What Does it Mean When a Programing Language Claims “Whitespace is Insignificant”?

By Xah Lee. Date: . Last updated: .

Often, in programing language tutorial or spec, you'll see a claim that whitespace in the language is insignificant. This is often wrong.

What does it mean that “whitespace is insignificant”? I take it to mean one or more of the following:

Here is some examples in Perl, showing all 3 criterions above, but only in a local context around +:

# -*- coding: utf-8 -*-
# perl

# all of the following are equivalent

print 3+4;         # ← normal

print 3 +   4;       # extra white space ok

print 3 +
4; # EOL char is either equivalent to space or can be added

Here is a similar example in emacs lisp:

;; -*- coding: utf-8 -*-
;; emacs lisp

;; all of the following are equivalent
(+ 3 4)

   (+ 3    4)

   (+ 3
      4)

Comment Syntax to End of Line

Almost all popular languages fail in a strict sense of “whitespace is insignificant”. Because, first of all, if the language's comment syntax runs to end of line (For example, Bash, Perl, Ruby, C, C++, Java, Lisp, Haskell, OCaml, etc), then obviously it fails, because the EOL char has significant meaning.

Whitespace Inside Strings

If the language contain string datatype where newline inside is significant, then they fail.

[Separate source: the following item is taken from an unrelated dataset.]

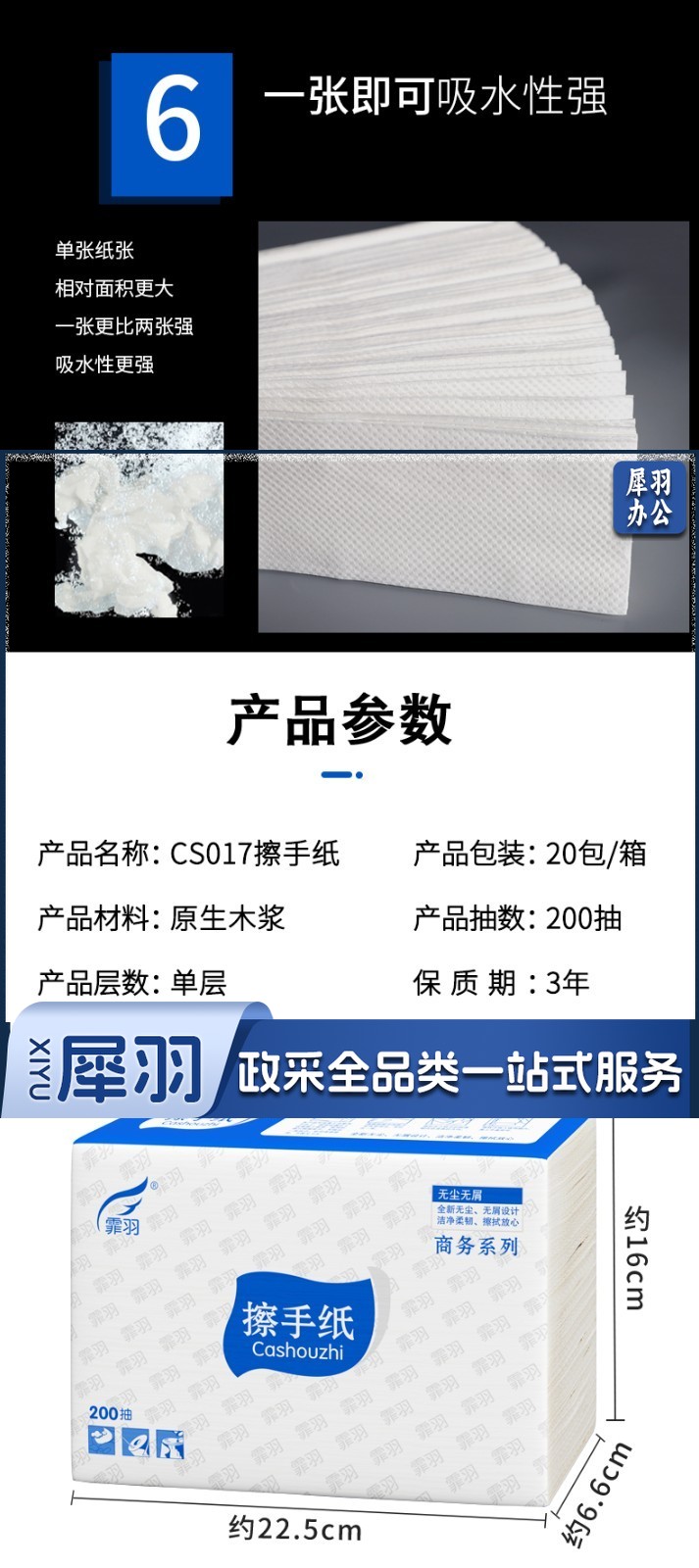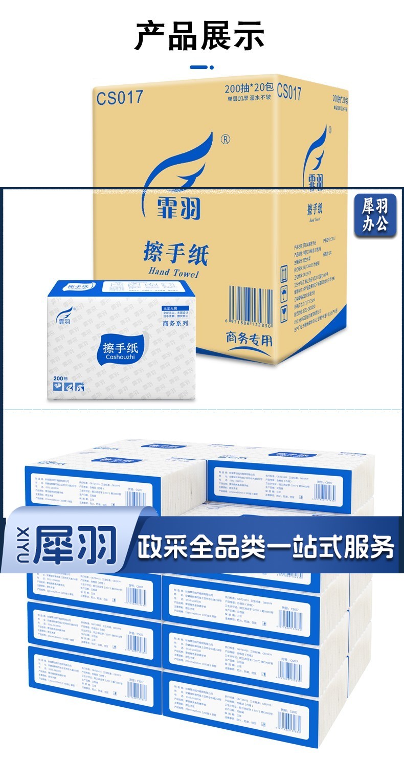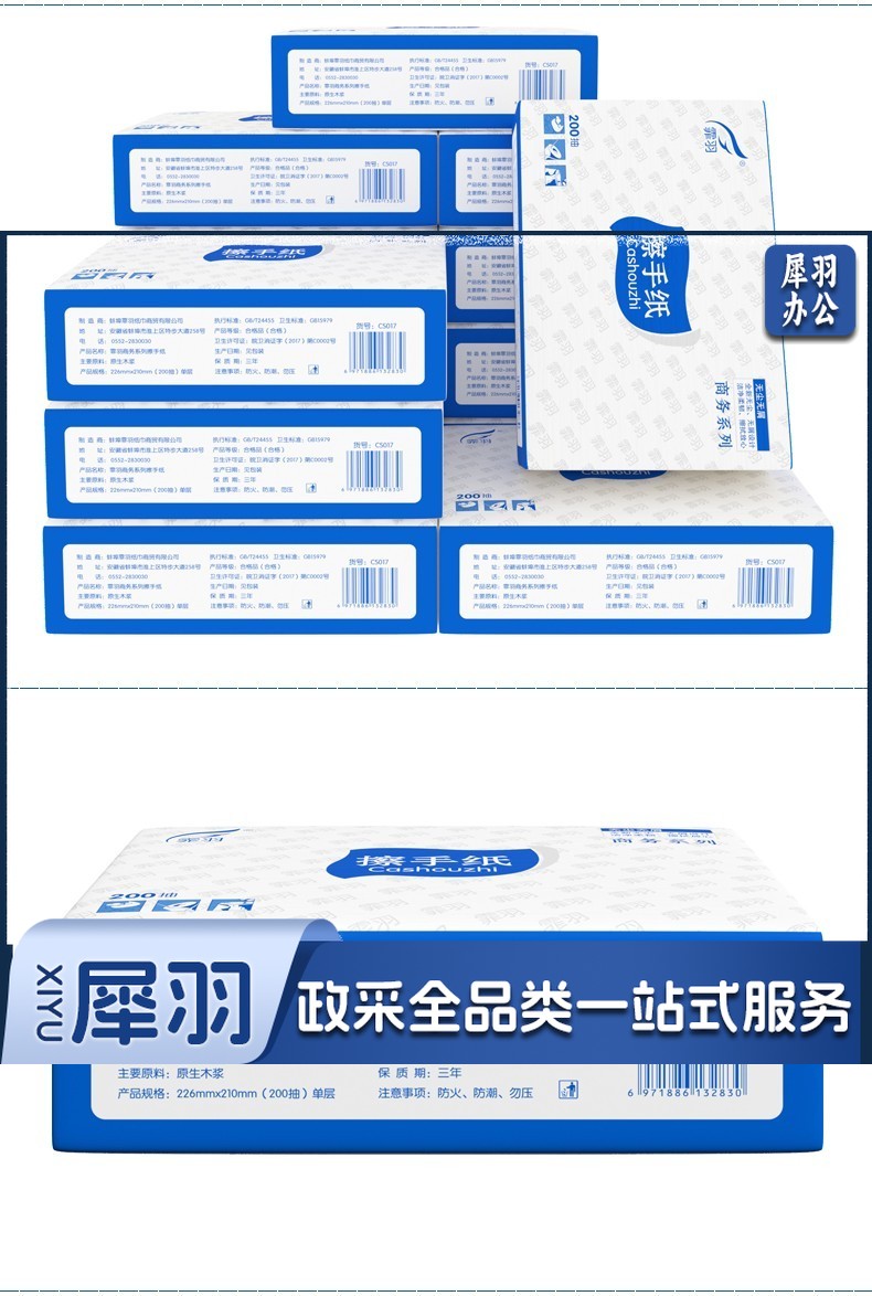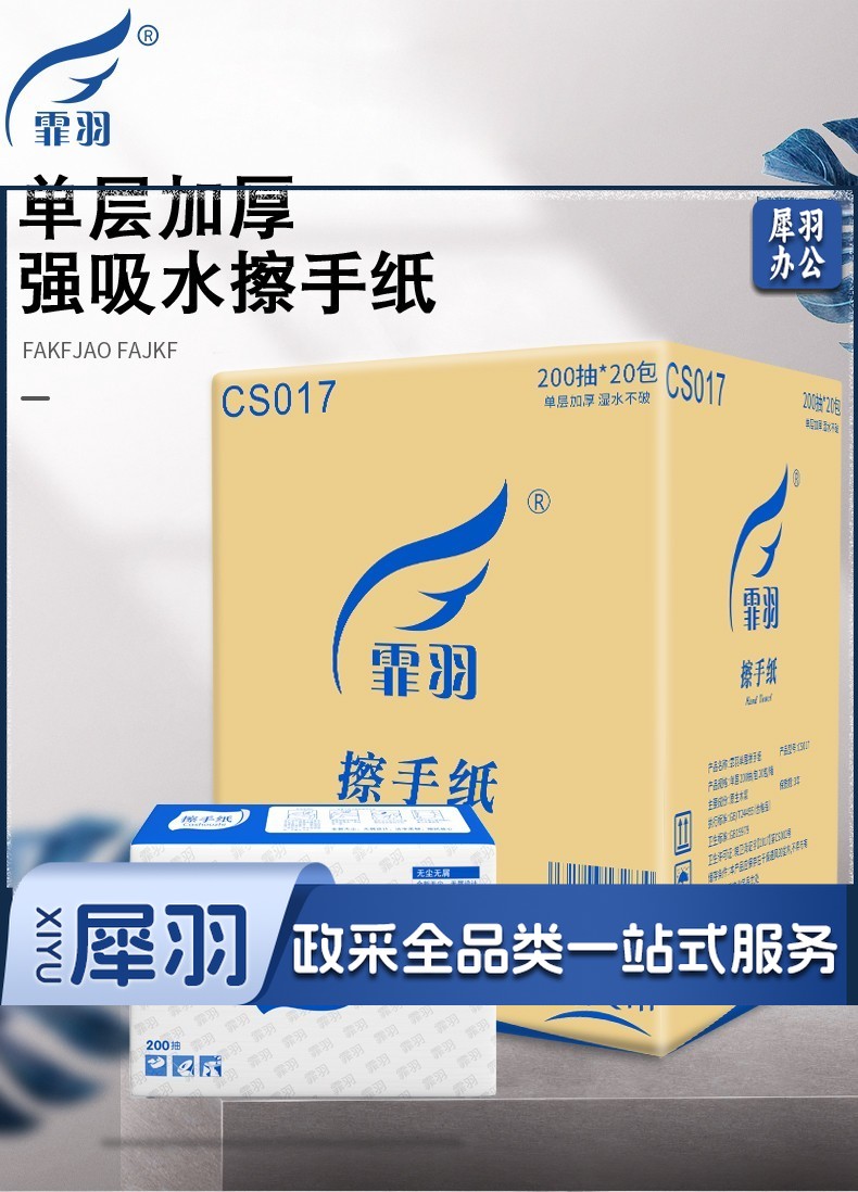 霏羽擦手纸加厚型加大单层200抽20包檫手纸商用卫生纸抽取式抽纸酒店卫生间厨房用纸吸油吸水纸巾CS017

Basically, you can't simply replace all newline by space in source code and expect the program to behave the same.

All popular language have string where whitespace inside is meaningful. However, we could ignore this criterion as design decision, because, otherwise you couldn't have literal text in your source code, and it'd be a major inconvenience. (whether one could have a language where literal text is not allowed yet still convenient to read/type, perhaps by a automatic preprocessing in editor that reformat/display on the fly (For example, Mathematica), is a open question to me. To be researched.)

Which Language is Actually “Whitespace Insignificant”?

Now, if we ignore whitespace inside strings, and ignore the comment to end-of-line syntax, then, many popular language might qualify as “whitespace Insignificant”, but not well-defined.

Can we come up with a mathematically precise definition of “whitespace insignificance” to popular langs such as C, Java? What would the definition be like? Would it just be a few sentences, or tens of special cases?

Ruby Example

Here is a Ruby example.

Following is a syntax error:

# -*- coding: utf-8 -*-
# ruby 1.9

aa = [1,2,3]
aa.each
{ |xx|
  p xx
}

But if you remove a newline, it's ok:

# -*- coding: utf-8 -*-
# ruby 1.9

aa = [1,2,3]
aa.each { |xx|
  p xx
}

This means that a newline has significant meaning in Ruby. (not even considering inside string or as to-end-of-line comment syntax.)

Here is the tech execuse. (thanks to Bjoern Paschen)

“If no block is given, an enumerator is returned instead.” http://www.ruby-doc.org/core-1.9.3/Array.html#method-i-each

The Array.each method is fine by itself, it returns an Enumerator which is then not assigned but thrown away in the above code.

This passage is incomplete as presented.